African Swine Fever (ASF) is a disease of domestic and wild swine, caused by the ASF virus (ASFv), which results in far-reaching losses for affected countries and regions. Since 2007, ASFv has widely spread from Sub-Saharan Africa through extensive areas of Russia, Europe, and Asia (1), and was recently introduced into the Americas (2), resulting in an unprecedented spread of pandemic proportions (3).

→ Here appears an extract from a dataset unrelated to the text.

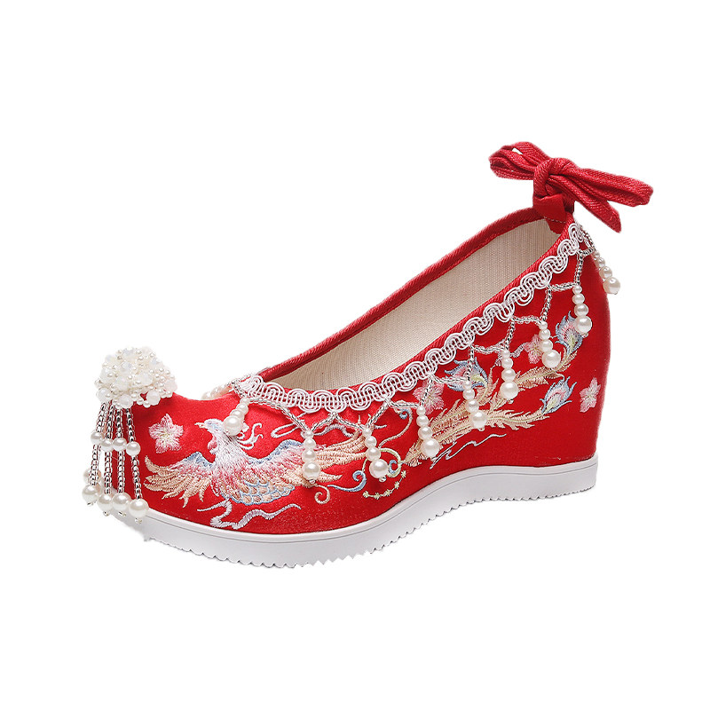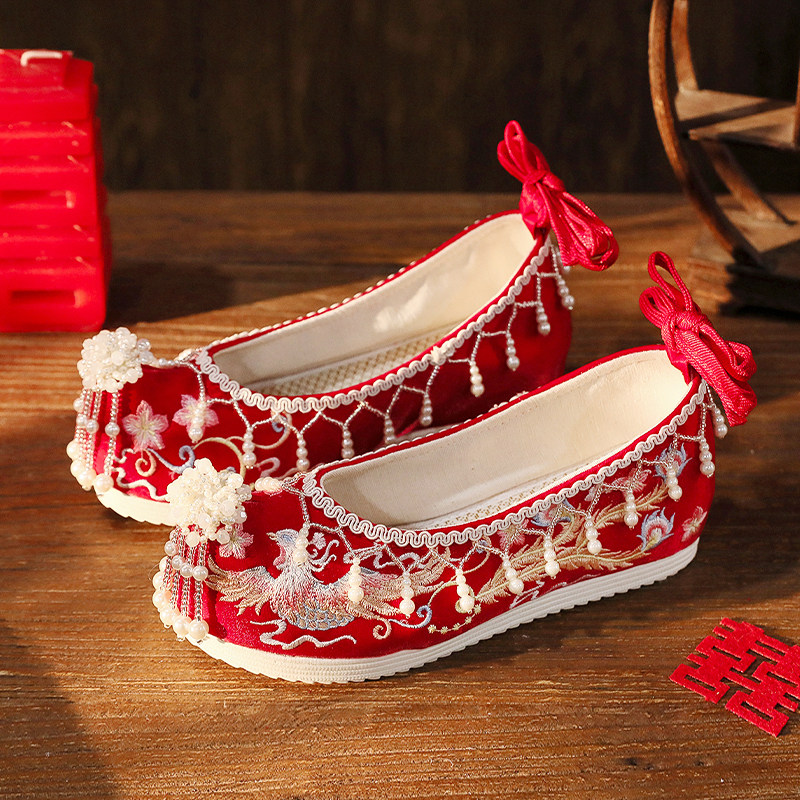 秀禾婚鞋原创汉服鞋子女内增高古风红色中式新娘鞋珍珠流苏绣花鞋

Many reasons jeopardize ASF control, most notably long ASFv survival times in multiple substrates, circulation of ASFv in wild boar, and absence of commercial vaccines (4). Due to those challenges, since the recent expansion of the disease in 2007, no country has been able to eradicate ASF when their domestic swine population was affected (1). Acknowledging that control and eradication will be onerous and time-consuming for many countries, the challenge of the swine industry in affected areas is to remain free in an ASFv-infected environment, and be able to produce and commercialize pigs, while the epidemic is being controlled. This situation is not new as, for example, ASF was endemic in Spain between 1960 and 1995, and yet during that extended period the country's industry was able to expand (5). More recently infected countries, such as Russia, which has been ASF-infected for almost 15 years now, have also developed policy intended to mitigate risk and sustain business continuity in an endemic setting.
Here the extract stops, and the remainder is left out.